§ **Work order**: Take the entries below and print, exactly, the stretch from the line containing "No retorno, após" through the line containing "MM3990 ORTA ANADOLU", both included.

---- Given information

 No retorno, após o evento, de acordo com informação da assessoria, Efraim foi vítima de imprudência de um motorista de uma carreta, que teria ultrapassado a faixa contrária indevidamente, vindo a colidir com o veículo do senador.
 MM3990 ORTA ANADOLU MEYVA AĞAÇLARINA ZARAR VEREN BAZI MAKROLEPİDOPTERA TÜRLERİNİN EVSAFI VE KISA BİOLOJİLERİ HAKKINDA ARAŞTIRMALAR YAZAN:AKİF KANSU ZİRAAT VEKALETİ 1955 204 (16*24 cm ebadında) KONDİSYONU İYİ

--------
---- Given information

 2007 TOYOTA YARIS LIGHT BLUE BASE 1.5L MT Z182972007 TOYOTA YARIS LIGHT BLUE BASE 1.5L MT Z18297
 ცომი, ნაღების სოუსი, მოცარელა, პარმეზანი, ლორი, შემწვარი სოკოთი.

--------
---- Given information

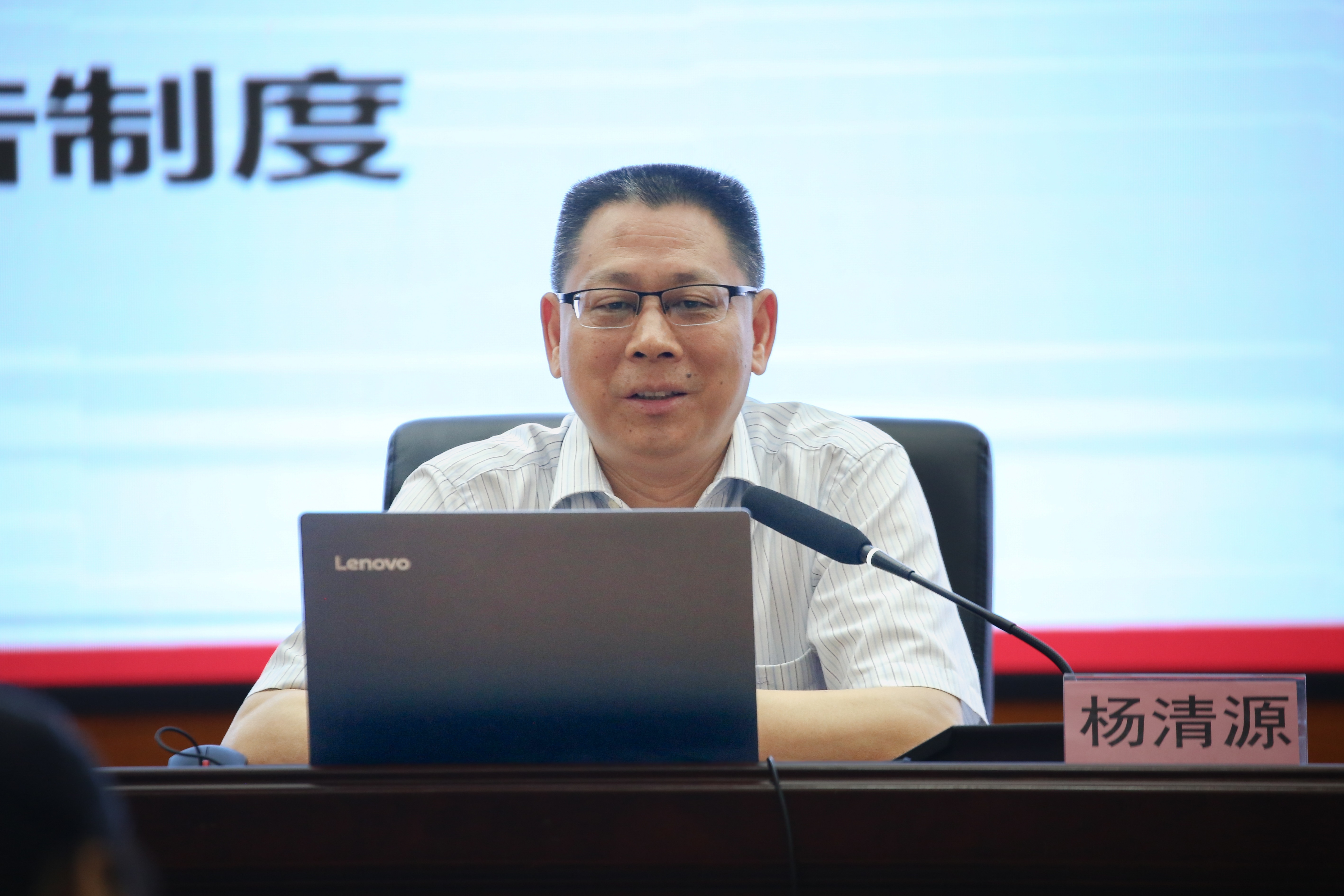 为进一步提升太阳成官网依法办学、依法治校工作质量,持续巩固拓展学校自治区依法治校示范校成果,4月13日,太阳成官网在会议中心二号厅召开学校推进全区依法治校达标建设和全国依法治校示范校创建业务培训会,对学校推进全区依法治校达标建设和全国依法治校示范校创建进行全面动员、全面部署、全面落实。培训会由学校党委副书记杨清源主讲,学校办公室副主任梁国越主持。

--------

§ **Your response**:
 No retorno, após o evento, de acordo com informação da assessoria, Efraim foi vítima de imprudência de um motorista de uma carreta, que teria ultrapassado a faixa contrária indevidamente, vindo a colidir com o veículo do senador.
 MM3990 ORTA ANADOLU MEYVA AĞAÇLARINA ZARAR VEREN BAZI MAKROLEPİDOPTERA TÜRLERİNİN EVSAFI VE KISA BİOLOJİLERİ HAKKINDA ARAŞTIRMALAR YAZAN:AKİF KANSU ZİRAAT VEKALETİ 1955 204 (16*24 cm ebadında) KONDİSYONU İYİ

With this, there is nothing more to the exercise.